NVENC HEVC ultra low latency with FFmpeg libraries, what should be my expectations?

I’m developing an application that captures raw video frames from a live source, and then uses the FFmpeg libraries (calls to av_*** etc) to filter and then encode the frames, with the encoding done using NVENC. I’m using latest FFmpeg code together with the latest NVENC SDK 10.

I am trying to reduce the latency down to the absolute minimum so I’m using the “ultra low latency” tuning info which I understand is supposed to pre-configure the more detailed settings to favour low latency.

As the trace snippet below shows, I find that I need to submit three uncompressed frames to NVENC before getting back the first encoded frame.
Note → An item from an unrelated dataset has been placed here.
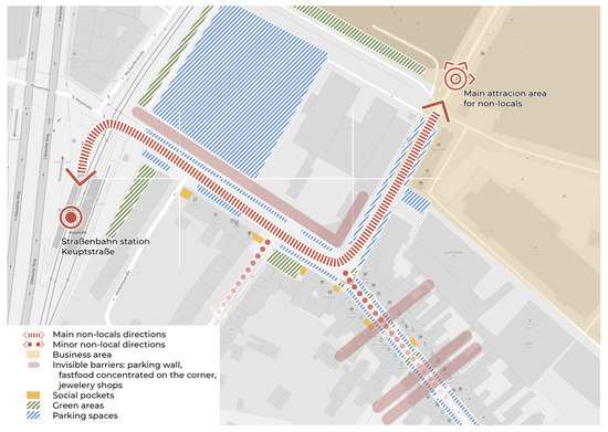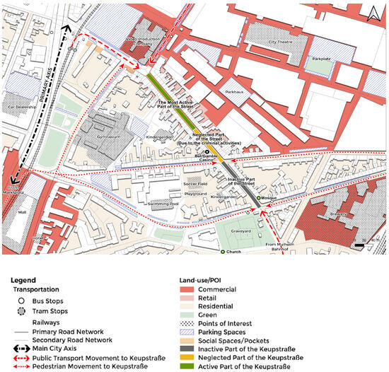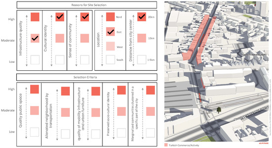 The selection criteria for the study area of Keuptstrasse are as follows, as shown in Figure 8:

Thereafter, the output is always two frames behind the input, which in a 50fps stream is a sizeable 40ms delay. Is this expected, or is there a way to reduce the latency down further? Ideally I’d submit one frame and be able to read back an encoded one right away, i.e. the compression algorithm would only be “looking back” rather than “looking forward” (and thus having to wait for more frames).
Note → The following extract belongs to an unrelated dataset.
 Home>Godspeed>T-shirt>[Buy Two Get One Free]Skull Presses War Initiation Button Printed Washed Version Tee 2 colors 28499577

Perhaps it’s an issue with FFmpeg, but before I go down that road, I wanted to ask the developers here what should be possible with NVENC in this respect, what is the minimum latency achievable with the appropriate settings, when using HEVC?

24/07/20 15:21:30.6209305 : MWDEVICE_VIDEO_SERVER_CAPTURE: Captured video frame index 1000 with pts 33865544733947
24/07/20 15:21:30.6210664 : VIDEO_SERVER_TRANSCODER_STREAM_SESSION: Decoded video frame index 1000 with pts 33865544733947
24/07/20 15:21:30.6226942 : VIDEO_SERVER_TRANSCODER_STREAM_SESSION: Filtered video frame index 1000 with pts 169327723
24/07/20 15:21:30.6418622 : MWDEVICE_VIDEO_SERVER_CAPTURE: Captured video frame index 1001 with pts 33865544732114
24/07/20 15:21:30.6419119 : VIDEO_SERVER_TRANSCODER_STREAM_SESSION: Decoded video frame index 1001 with pts 33865544933947
24/07/20 15:21:30.6435439 : VIDEO_SERVER_TRANSCODER_STREAM_SESSION: Filtered video frame index 1001 with pts 169327724
24/07/20 15:21:30.6608526 : MWDEVICE_VIDEO_SERVER_CAPTURE: Captured video frame index 1002 with pts 33865544932106
24/07/20 15:21:30.6609842 : VIDEO_SERVER_TRANSCODER_STREAM_SESSION: Decoded video frame index 1002 with pts 33865545133947
24/07/20 15:21:30.6626590 : VIDEO_SERVER_TRANSCODER_STREAM_SESSION: Filtered video frame index 1002 with pts 169327725
24/07/20 15:21:30.6631337 : VIDEO_SERVER_TRANSCODER_STREAM_SESSION: Encoded video frame index 1000 with pts 304789901400 (was 169327723)

It is weird result if there is no other performance bottleneck (for example other 100 streams encoded in parallel, using B-Frames, card is in “powersaving” (>P0 state), encoded image is huge (like 8K)…). I am using NVENC SDK directly many years with “low-latency” preset and with I+P frames only and usual one-frame encoding delay is about 1ms for 1080p.

I am going to investigate it further inside the FFmpeg code, it’s the only encode taking place but the delay seems to be caused by the fact it lags two frames behind ie it only emits the first encoded output frame after the third input frame is provided, even with B frames disabled.

I am going to add some logging to FFmpeg and try and figure out why it doesn’t emit a frame sooner.

Without B frames I assume it should provide one encoded frame for each input frame?

One encoded frame is produced for every I-P-B but in case of B-frames in “delayed” order.

Right so in the case of I-P-P mode I should get back the first encoded frame after submitting the first raw frame, the second encoded frame after submitting the second raw frame, etc, with the only delay being the execution time of the hardware to encode a frame?

If this is correct, and assuming it works fine when using the NVENC SDK directly then maybe it’s an issue with FFmpeg either incorrectly setting some configuration options or doing its own buffering or something.

Ok for the benefit of any Googlers of the future, the issue is caused by the “delay” parameter (internally referred to as async_depth) passed to FFmpeg for nvenc. The code in FFmpeg’s nvenc.c waits until this number of extra frames have been buffered before emitting any and is intended to support parallel encoding.

The problem is that its default value is INT_MAX which later gets reduced down to the number of NVENC surfaces initialised minus one, which itself has an initial value of 4 in this scenario.

It seems a bit strange that the default is not for the (surely?) more common case of non-parallel encoding but there you go.